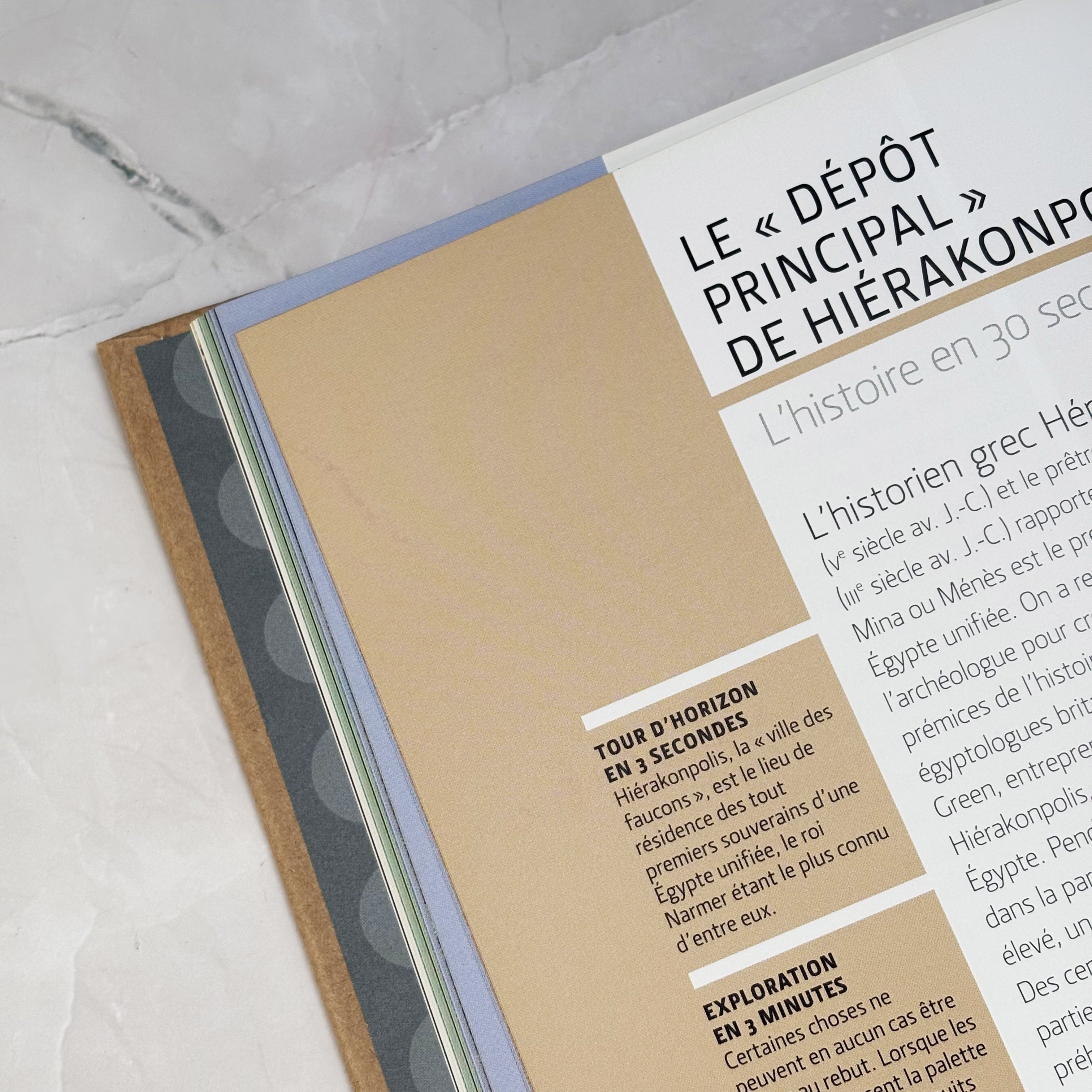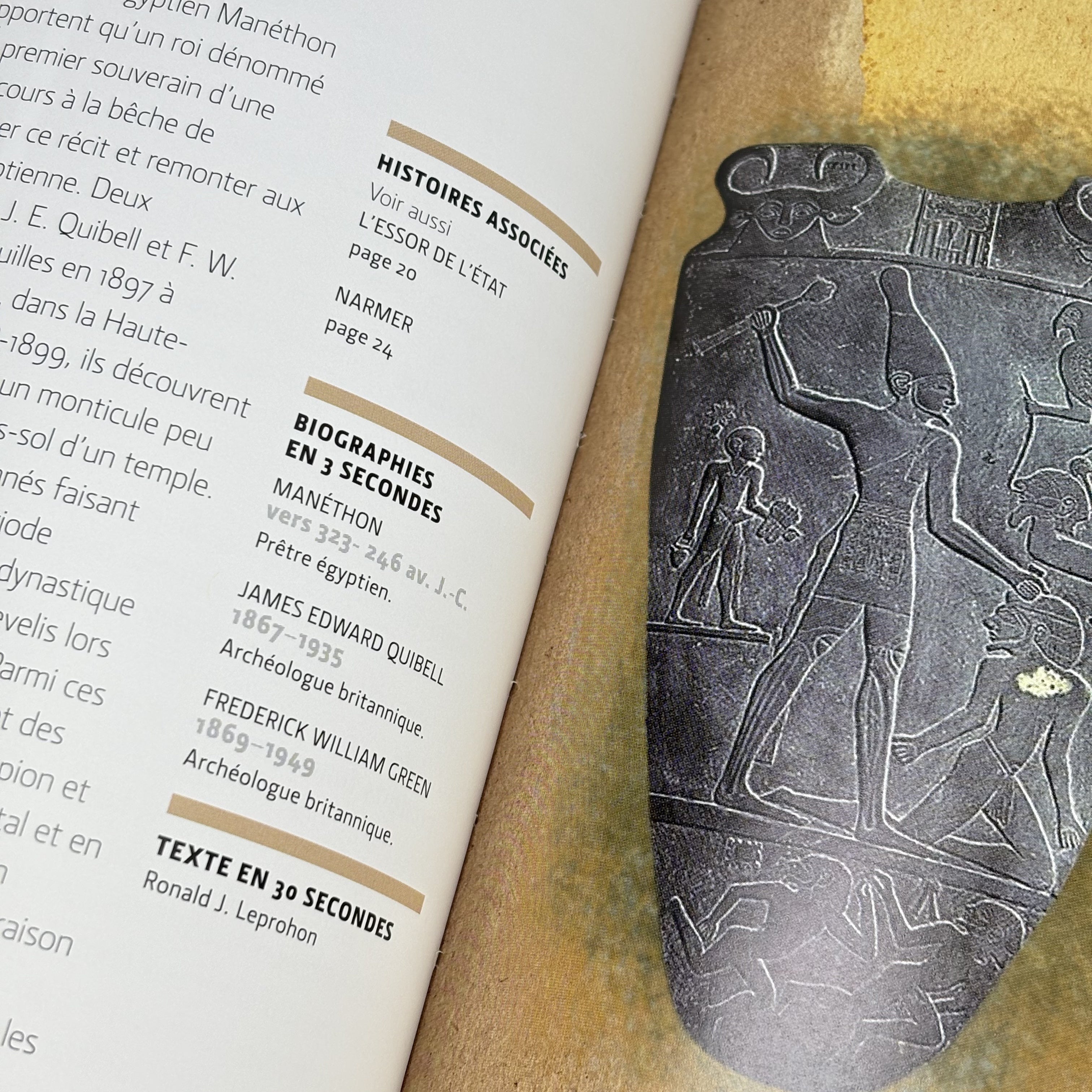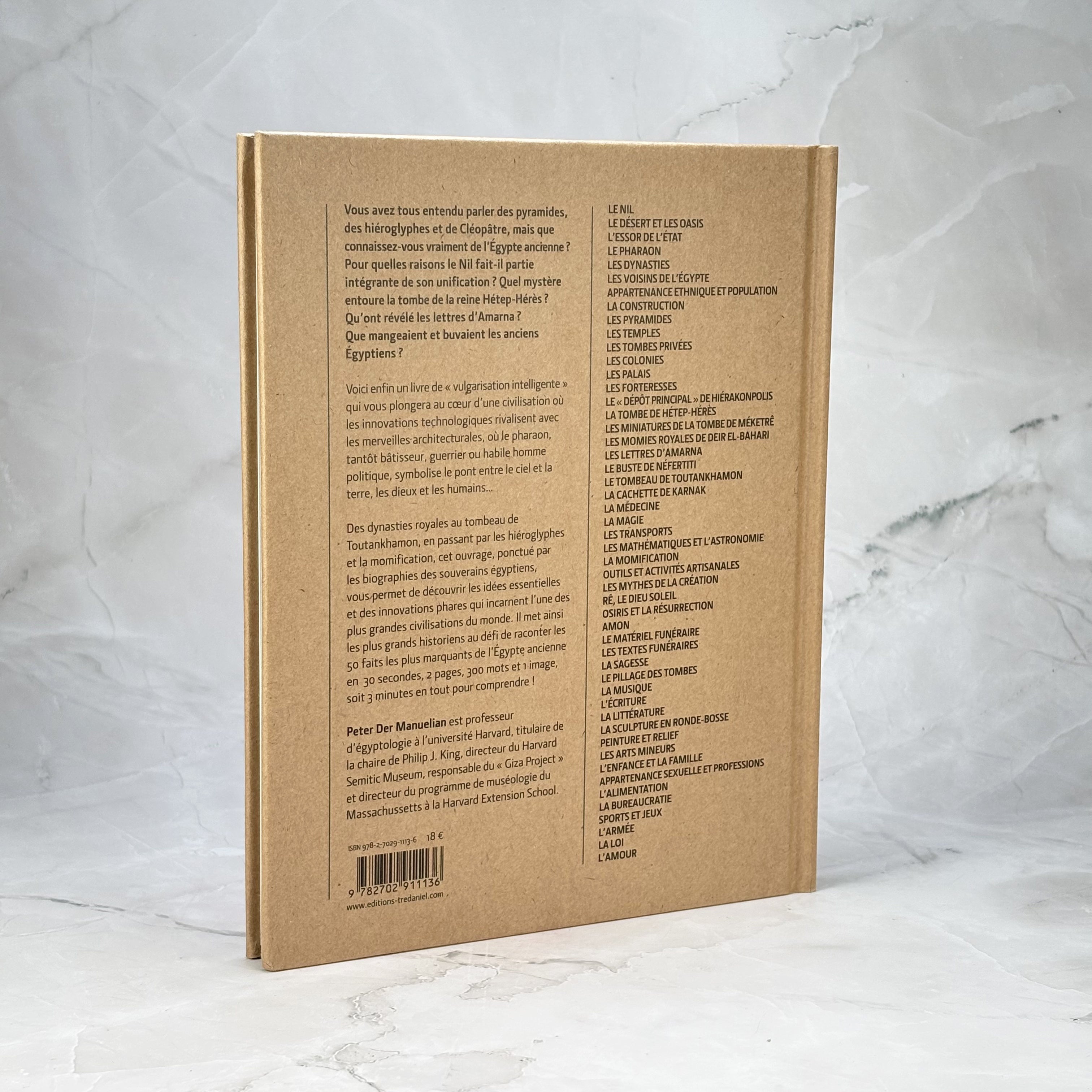 Ce livre adopte un concept original de “vulgarisation intelligente” : chaque sujet est présenté en 30 secondes, sur 2 pages, en 300 mots et accompagné d’une image explicative. Cette approche permet de saisir rapidement les notions essentielles tout en conservant la rigueur historique. Les plus grands spécialistes y relèvent le défi de rendre accessibles les questions complexes : l’unification du Nil, la tombe d’Hétep-Hérès, les lettres d’Amarna ou encore les habitudes alimentaires des anciens Égyptiens. L’ensemble offre une lecture fluide et stimulante, parfaite pour enrichir sa culture générale tout en se divertissant.
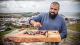 Gwyliwch Chris yn cychwyn y gyfres newydd gyda swper 'sizzling' bwyd m么r mewn man bwyta... (A)
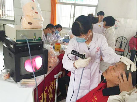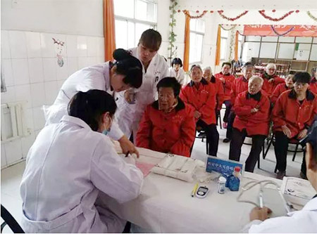 义诊团医护人员耐心细致地为敬老院的每一位老人进行心率血压、耳部、鼻部、咽喉部健康检查,并进行健康指导,讲解疾病的防治措施和注意事项,指导老人们合理用药,做好日常生活保健,并给老人们赠送健康宣教资料,受到了老人们的一致好评。
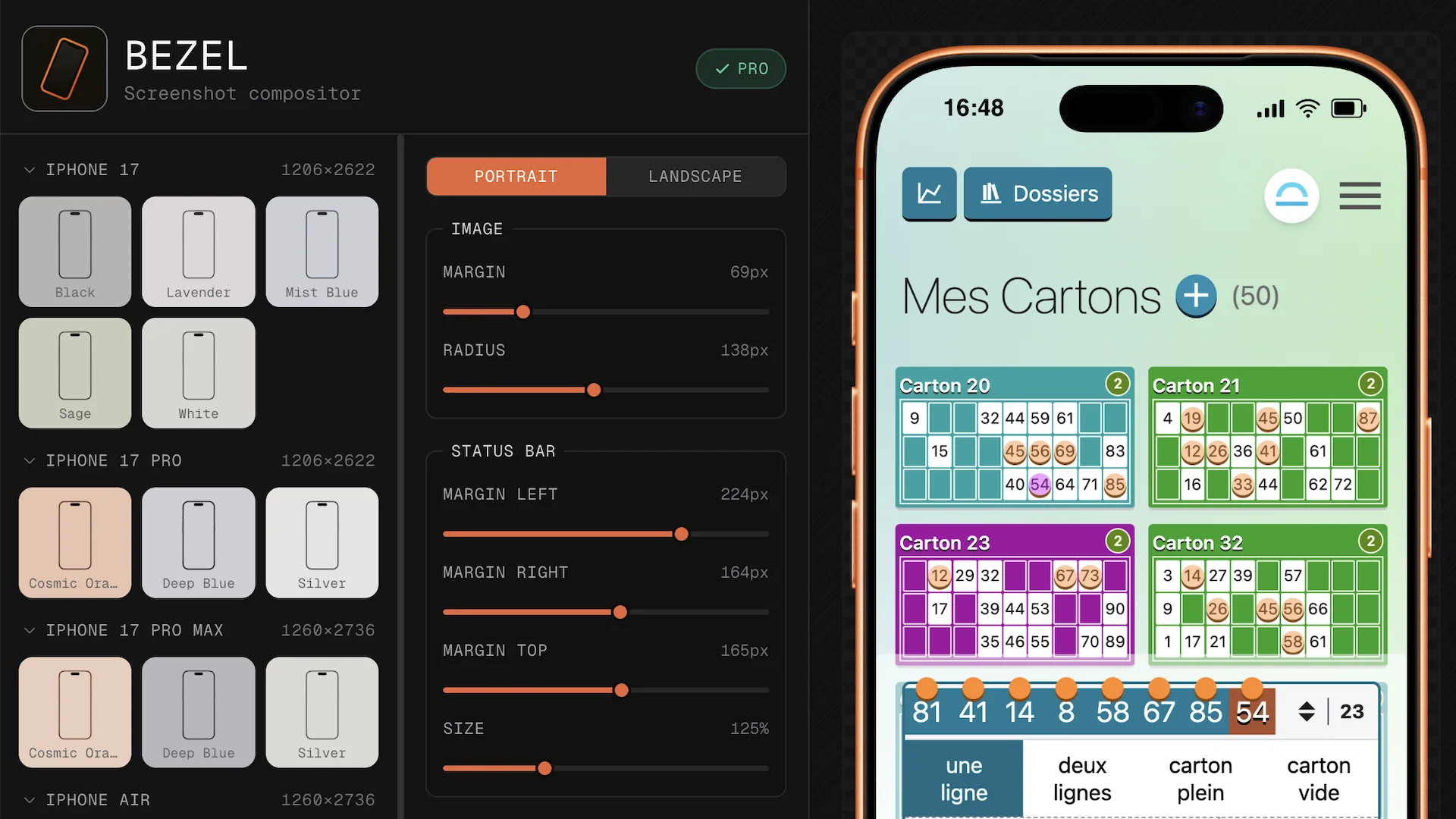 Drop the screenshot into Bezel, pick the matching device frame, and export a polished mockup ready for the App Store or Google Play.
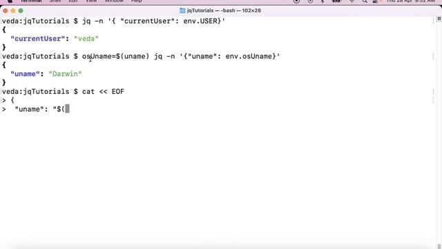 Jq env object to read OS Environment & Custom Variables | Creating Custom object with env object
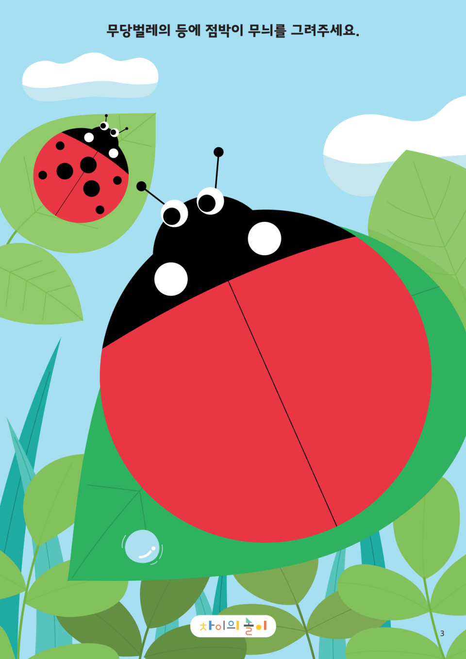 점박이 무늬를 채우며 무당벌레의 특징을 이해하고, 소근육 능력이 발달합니다.

What the task asks:
Transcribe the entries above verbatim, excluding any image.

Output of the task:
 Ce livre adopte un concept original de “vulgarisation intelligente” : chaque sujet est présenté en 30 secondes, sur 2 pages, en 300 mots et accompagné d’une image explicative. Cette approche permet de saisir rapidement les notions essentielles tout en conservant la rigueur historique. Les plus grands spécialistes y relèvent le défi de rendre accessibles les questions complexes : l’unification du Nil, la tombe d’Hétep-Hérès, les lettres d’Amarna ou encore les habitudes alimentaires des anciens Égyptiens. L’ensemble offre une lecture fluide et stimulante, parfaite pour enrichir sa culture générale tout en se divertissant.
 Gwyliwch Chris yn cychwyn y gyfres newydd gyda swper 'sizzling' bwyd m么r mewn man bwyta... (A)
 义诊团医护人员耐心细致地为敬老院的每一位老人进行心率血压、耳部、鼻部、咽喉部健康检查,并进行健康指导,讲解疾病的防治措施和注意事项,指导老人们合理用药,做好日常生活保健,并给老人们赠送健康宣教资料,受到了老人们的一致好评。
 Drop the screenshot into Bezel, pick the matching device frame, and export a polished mockup ready for the App Store or Google Play.
 Jq env object to read OS Environment & Custom Variables | Creating Custom object with env object
 점박이 무늬를 채우며 무당벌레의 특징을 이해하고, 소근육 능력이 발달합니다.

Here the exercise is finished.